Wavelets for $L^2(B(0,1))$ using Zernike polynomials

TL;DR

This paper develops wavelets based on Zernike polynomials for analyzing two-dimensional signals on circular domains, enabling multiresolution analysis of functions in $L^2(B(0,1))$ with applications to optical and corneal data.

Contribution

It introduces a novel wavelet construction on the unit disk using Zernike polynomials, extending previous one-dimensional methods to two-dimensional circular domains.

Findings

Wavelet basis effectively analyzes 2D signals on circular domains.

Application demonstrated on corneal data with promising results.

Provides a multiresolution framework for $L^2(B(0,1))$ functions.

Abstract

A set of orthogonal polynomials on the unit disk $B(0,1)$ known as Zernike polynomials are commonly used in the analysis and evaluation of optical systems.
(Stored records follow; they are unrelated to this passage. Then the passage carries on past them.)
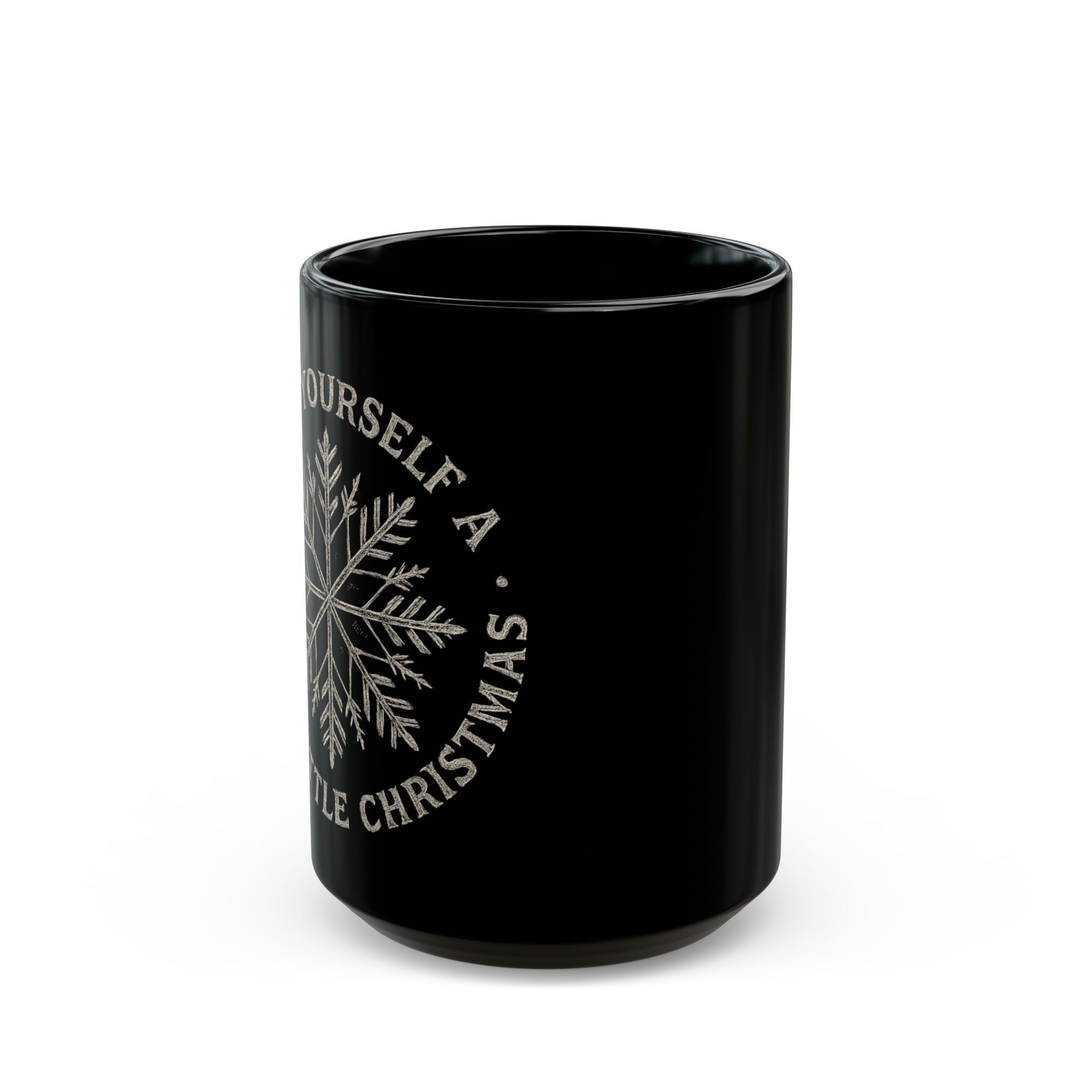 Hold a quiet, sharp joy in your hands. This black ceramic mug carries a soft glossy sheen and a subtle winter motif that reads like a private joke between you and the season — snowflake lines and curved text that peek as you tilt the cup. It’s the kind of mug you reach for on chilly mornings, breathing in hot coffee or spiced tea while the world outside softens. Built to be used and loved, it stands up to everyday life: warm beverages, late-night writing, and slow conversation. The deep black finish makes the artwork feel modest and modern, slipping easily into a minimalist kitchen or a cozy holiday table without shouting. Practical and slightly cheeky, it settles into routines and small rituals — a cup that ages into memory alongside your favorite chair and playlists.
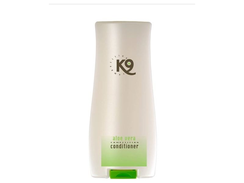 Ohjeet: Aloita pesemällä K9 ALOE VERA COMPETITION SHAMPOOLLA. Levitä hoitoaine puristuskuivattuun turkkiin ja hiero hellävaraisesti.
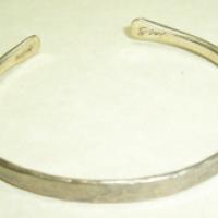 This is a single 1/4" wide open bangle bracelet with a hand hammered design. It is signed sterling on one end and the other end has a script signature that I have been unable to identify. Quality piece done in the arts and crafts style. This would look great on its own or mixed with your other jewelry.
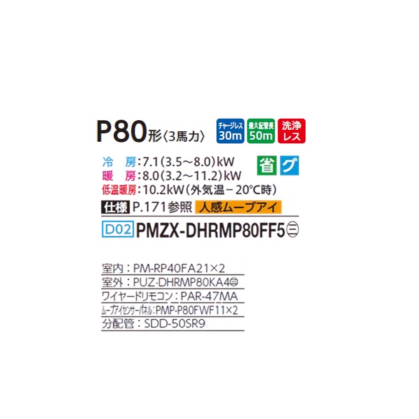 三菱 PMZX-DHRMP80FF5 業務用エアコン 1方向天井カセット ズバ暖スリム DHシリーズ 同時ツイン P80形 3馬力 三相 200V ワイヤード ♪

Here Zernike polynomials are used to construct wavelets for polynomial subspaces of $L^2(B(0,1)).$ This naturally leads to a multiresolution analysis of $L^2(B(0,1)).$ Previously, other authors have dealt with the one dimensional case, and used orthogonal polynomials of a single variable to construct time localized bases for polynomial subspaces of an $L^2$-space with arbitrary weight. Due to the nature of Zernike polynomials, the wavelet construction given here is well-suited for the analysis of two-dimensional signals defined on circular domains. This is shown by some experimental results done on corneal data.